# imports

In [4]:
import random

import numpy as np
from tqdm import tqdm

# open original vcf file

In [5]:
with open("/Users/minhtoo.lin/repos/nf-gwas/tests/input/pipeline/example.vcf", "r") as f:
    vcf_orig = f.readlines()

header_lines_orig = vcf_orig[:6]

# params

In [8]:
num_positions = 1_000_000
num_individuals = 50_000
# prev VCF (16 GB) was 100k positions x 100k individuals
# new VC (200 GB) is 1 million position x 50k individuals

# prepare new chromosome header line

In [6]:
# just copy the fixed part
chrom_header_line_base = "#CHROM\tPOS\tID\tREF\tALT\tQUAL\tFILTER\tINFO\tFORMAT"

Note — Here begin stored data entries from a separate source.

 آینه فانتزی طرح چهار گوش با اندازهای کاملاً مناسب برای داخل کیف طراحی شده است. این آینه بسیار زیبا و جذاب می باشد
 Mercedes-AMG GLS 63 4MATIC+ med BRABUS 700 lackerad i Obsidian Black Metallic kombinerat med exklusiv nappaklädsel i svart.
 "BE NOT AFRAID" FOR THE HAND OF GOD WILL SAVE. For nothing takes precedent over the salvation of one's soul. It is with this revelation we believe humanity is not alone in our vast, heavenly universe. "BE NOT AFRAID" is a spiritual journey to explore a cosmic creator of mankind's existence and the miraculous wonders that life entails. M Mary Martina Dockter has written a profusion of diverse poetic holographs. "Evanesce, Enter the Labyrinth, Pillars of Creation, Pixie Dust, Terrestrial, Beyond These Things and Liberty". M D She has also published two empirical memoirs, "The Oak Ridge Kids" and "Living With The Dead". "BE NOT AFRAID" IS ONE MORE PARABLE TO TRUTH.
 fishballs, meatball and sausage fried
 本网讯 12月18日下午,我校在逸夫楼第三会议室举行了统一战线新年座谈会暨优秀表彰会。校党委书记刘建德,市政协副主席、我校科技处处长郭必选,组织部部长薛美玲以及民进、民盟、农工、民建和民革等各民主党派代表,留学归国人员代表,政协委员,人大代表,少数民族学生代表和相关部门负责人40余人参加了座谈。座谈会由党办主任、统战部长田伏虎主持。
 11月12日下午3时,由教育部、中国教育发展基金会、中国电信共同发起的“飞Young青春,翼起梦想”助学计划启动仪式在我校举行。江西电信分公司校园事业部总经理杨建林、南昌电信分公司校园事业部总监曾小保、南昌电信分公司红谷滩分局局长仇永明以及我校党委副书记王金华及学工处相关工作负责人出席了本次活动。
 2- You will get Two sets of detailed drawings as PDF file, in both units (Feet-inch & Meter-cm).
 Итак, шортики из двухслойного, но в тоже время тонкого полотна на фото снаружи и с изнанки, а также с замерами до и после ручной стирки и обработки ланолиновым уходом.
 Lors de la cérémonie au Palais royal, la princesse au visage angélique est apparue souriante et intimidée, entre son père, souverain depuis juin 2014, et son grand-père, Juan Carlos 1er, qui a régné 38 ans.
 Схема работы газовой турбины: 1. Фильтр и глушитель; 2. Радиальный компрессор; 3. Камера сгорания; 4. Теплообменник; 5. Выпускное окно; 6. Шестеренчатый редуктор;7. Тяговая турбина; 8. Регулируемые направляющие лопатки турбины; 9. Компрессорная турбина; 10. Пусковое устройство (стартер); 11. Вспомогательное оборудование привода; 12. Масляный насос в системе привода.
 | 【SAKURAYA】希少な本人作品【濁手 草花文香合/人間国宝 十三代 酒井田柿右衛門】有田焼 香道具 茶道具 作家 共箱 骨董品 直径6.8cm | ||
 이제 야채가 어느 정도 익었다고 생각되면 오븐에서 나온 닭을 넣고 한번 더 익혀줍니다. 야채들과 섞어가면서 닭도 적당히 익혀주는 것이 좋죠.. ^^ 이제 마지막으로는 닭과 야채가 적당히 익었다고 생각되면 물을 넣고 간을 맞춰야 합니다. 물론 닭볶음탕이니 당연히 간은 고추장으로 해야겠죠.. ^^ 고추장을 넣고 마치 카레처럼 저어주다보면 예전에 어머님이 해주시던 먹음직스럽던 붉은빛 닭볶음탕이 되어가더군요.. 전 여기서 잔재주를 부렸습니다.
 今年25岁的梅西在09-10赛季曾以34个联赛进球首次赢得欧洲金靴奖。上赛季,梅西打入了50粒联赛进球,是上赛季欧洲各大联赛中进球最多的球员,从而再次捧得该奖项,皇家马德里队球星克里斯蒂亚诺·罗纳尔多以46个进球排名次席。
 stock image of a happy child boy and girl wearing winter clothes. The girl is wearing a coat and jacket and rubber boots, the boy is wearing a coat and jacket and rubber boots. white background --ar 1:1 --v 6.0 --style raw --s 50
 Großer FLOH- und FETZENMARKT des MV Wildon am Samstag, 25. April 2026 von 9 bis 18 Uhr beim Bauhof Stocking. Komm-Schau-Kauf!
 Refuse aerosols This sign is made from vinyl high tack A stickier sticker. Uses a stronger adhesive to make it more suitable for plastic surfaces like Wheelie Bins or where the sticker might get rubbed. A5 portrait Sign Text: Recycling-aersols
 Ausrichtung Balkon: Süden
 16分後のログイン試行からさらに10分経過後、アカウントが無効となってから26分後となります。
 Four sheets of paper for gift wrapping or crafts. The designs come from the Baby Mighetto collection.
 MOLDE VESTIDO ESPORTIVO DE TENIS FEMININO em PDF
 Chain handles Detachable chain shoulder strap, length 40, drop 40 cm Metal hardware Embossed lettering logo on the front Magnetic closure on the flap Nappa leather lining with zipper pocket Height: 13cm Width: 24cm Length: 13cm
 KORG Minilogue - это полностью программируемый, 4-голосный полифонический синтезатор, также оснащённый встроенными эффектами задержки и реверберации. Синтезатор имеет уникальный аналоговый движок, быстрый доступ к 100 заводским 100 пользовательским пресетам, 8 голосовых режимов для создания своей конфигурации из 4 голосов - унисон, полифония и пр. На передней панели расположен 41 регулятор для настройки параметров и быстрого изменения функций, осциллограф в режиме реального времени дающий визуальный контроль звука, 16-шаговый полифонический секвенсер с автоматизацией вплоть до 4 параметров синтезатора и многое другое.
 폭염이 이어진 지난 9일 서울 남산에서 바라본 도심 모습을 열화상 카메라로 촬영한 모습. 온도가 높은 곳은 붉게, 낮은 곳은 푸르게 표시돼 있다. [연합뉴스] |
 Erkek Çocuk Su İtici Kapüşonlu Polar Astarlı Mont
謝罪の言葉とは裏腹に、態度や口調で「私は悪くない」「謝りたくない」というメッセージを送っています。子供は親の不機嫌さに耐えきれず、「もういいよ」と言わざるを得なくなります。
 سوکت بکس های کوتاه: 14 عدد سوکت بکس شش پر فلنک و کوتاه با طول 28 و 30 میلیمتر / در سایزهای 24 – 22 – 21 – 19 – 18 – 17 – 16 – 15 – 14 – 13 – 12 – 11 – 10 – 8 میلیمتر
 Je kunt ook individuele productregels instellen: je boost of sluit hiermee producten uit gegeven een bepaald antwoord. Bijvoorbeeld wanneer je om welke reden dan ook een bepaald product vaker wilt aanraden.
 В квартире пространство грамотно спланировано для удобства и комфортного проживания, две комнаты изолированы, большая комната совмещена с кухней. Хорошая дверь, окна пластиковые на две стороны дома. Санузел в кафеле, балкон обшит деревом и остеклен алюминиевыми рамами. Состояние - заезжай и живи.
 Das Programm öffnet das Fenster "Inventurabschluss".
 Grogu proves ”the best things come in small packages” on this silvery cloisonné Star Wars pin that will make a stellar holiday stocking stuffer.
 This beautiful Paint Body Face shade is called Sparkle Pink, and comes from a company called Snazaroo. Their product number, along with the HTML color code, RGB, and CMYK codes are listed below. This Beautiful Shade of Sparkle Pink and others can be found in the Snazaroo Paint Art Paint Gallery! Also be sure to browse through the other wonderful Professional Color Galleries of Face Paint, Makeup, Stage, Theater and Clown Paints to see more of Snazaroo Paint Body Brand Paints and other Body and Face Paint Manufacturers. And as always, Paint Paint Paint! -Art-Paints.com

chrom_header_line_chars = [chrom_header_line_base]
for i in range(1, num_individuals + 1):  # 1-indexed
    chrom_header_line_chars.append(f"\t{i}")
chrom_header_line_chars.append("\n")

chrom_header_line_new = "".join(chrom_header_line_chars)

with open("../data/example_bigger.vcf", "w") as f:
    # write 6 header lines
    f.writelines(header_lines_orig)
    # write new chromosome header line
    f.write(chrom_header_line_new)

# prepare new data lines, row by row - use random.choice()

In [8]:
GT_CHOICES = np.array(["0/0", "0/1", "1/1"])

# append
with open("../data/example_bigger.vcf", "a") as f:
    for row_idx in tqdm(range(1, num_positions + 1)):  # 1-indexed, up to num_position rows
        line_base = f"1\t{row_idx}\t{row_idx}\t2\t1\t.\t.\tPR\tGT"
        curr_line_chars = [line_base]
        
        randints = np.random.randint(0, len(GT_CHOICES), size=(num_individuals))
        curr_line_chars.append("\t")
        curr_line_chars.append("\t".join(GT_CHOICES[randints]))
        curr_line_chars.append("\n")

        f.write("".join(curr_line_chars))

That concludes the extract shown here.